Бочонок разозлилась и пнула ни в чем не повинное кресло, на котором этот человек притворялся спящим. Интересно, что он подсыпал ей? Голова тяжелая, перед глазами легкий туман. Как с глухого похмелья.
Бочонок закурила, окинула взглядов свое разоренное гнездышко, нагнулась и подобрала с пола рассыпанные открытки: голые спины, заломленные руки, жадные рты… Пропади оно все пропадом!

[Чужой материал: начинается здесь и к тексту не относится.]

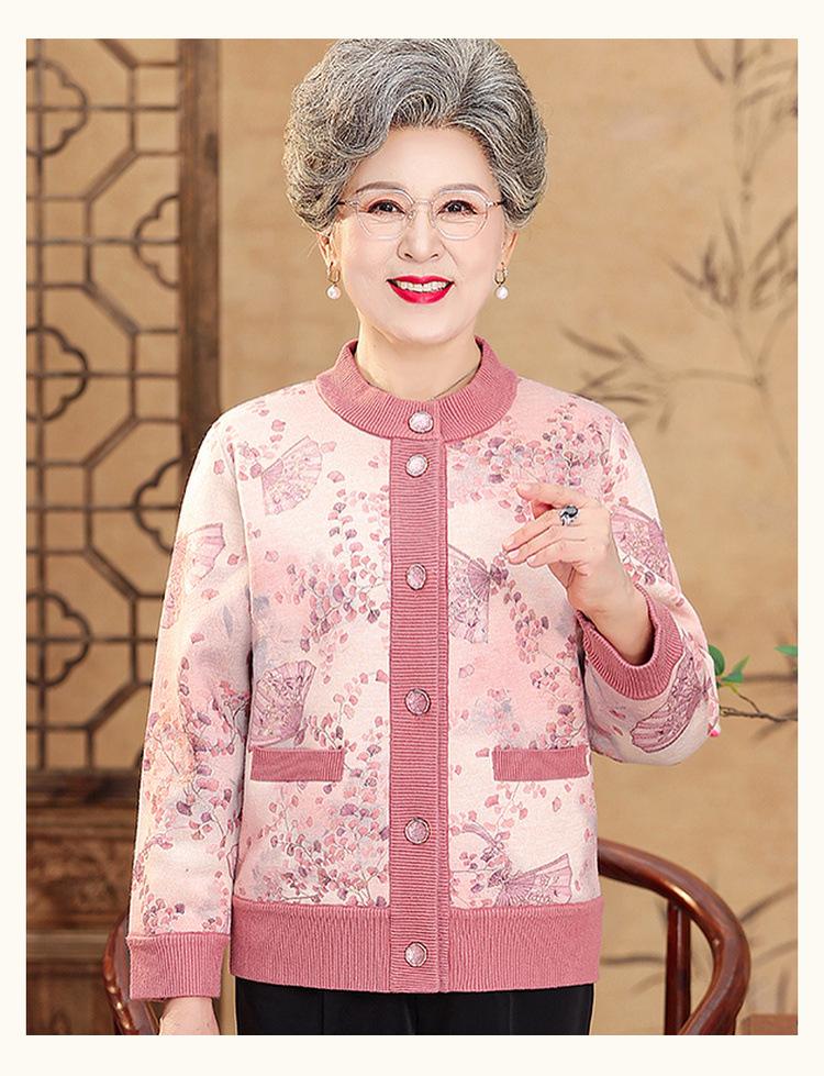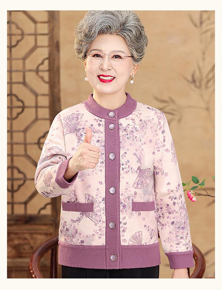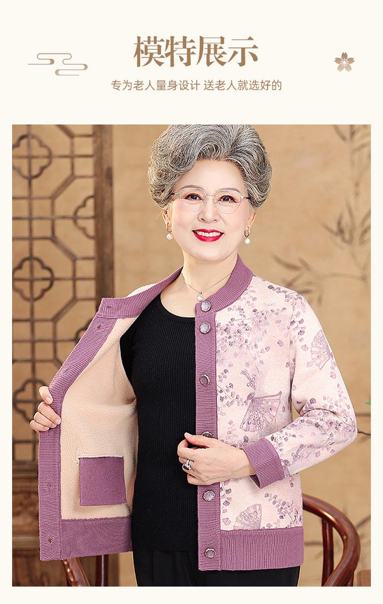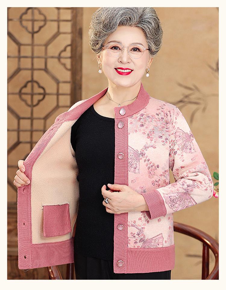 Suéter cárdigan de mediana edad y para ancianos, ropa de invierno para abuela, top cálido grueso con terciopelo, ropa exterior de otoño e invierno para mujer

Фанни заскочила в комнату, бледная, растрепанная, хлюпнула носом (но тушь на глазах не размазана, заметила Бочонок, взгляд цепкий, острый!).
— Подонок! — прошептала. Фанни. — Подумать только: — такой благородный на вид! — и трагически закатила глаза.
Но Фанни шептала все это достаточно спокойно, разве что специально добавляла жалостливых интонаций. Значит, тоже не шибко пострадала: наверняка этот парень не докопался до ее сбережений, взял только то, что плохо лежало.
— Ну-ну, Фанни, не горюй…
— Не люблю, когда меня обманывают…
Фанни хлюпнула носом и высморкалась
— Ах, Фанни, это я обманулась. Давай сделаем вид, будто ничего не произошло. Будто ничего этого и не было.
— Как «не было»? Было, было! И будет! Всегда будет!
— Подумаешь, раскурочили гнездышко маленько. Приберемся, перышки почистим — все нормально, а, Фанни? С милицией связываться не станем. Придут: «Как да что? И почему? Ах, случайно встретились? И сразу — к делу?» Себе мороки больше, Фанни…
— Жалко, — вздохнула Фанни. — Работаешь, работаешь, приходит какой-то жук и спокойненько все перетаскивает в свою норку. Да еще за просто так натешился, да?
Фанни прижалась щекой к плечу Бочонка и жалобно всхлипнула. Это она умела делать — жалеть.
— А знаешь, — сказала Бочонок, — ничего он не натешился! Хотя, — она замолчала, усмехнулась каким-то своим мыслям, — хотя, знаешь ли, он был на вид такой… ну, теплый, что ли… даже глаза — теплые, и губы, наверное, теплые. Я думала: он — человек.
— Скажешь тоже! — засмеялась Фанни и потянулась за сигаретой. Фантазерка! Все они, одинаковы, только калибры разные. Ну, ничо, малышка, на их кобелиной охоте мы не последние суки. Отыграемся и свое возьмем, да, Бочонок?
Бочонок кивнула. Сегодня надо сходить к Стасу за косяком, туда-сюда вечер наступит. И так тоскливо ей стало от того, что снова надо сидеть на площади, курить, болтать, «снимать», Боже, как мерзко!
Она вскочила и побежала в ванную. К глазам подступали слезы, и она не хотела, чтобы Фанни это видела. Все нормально, малышка!
СУСЕДКА
Повесть
«Слезы мои были для меня хлебом день и ночь, когда говорили мне всякий день: „Где Бог твой?“»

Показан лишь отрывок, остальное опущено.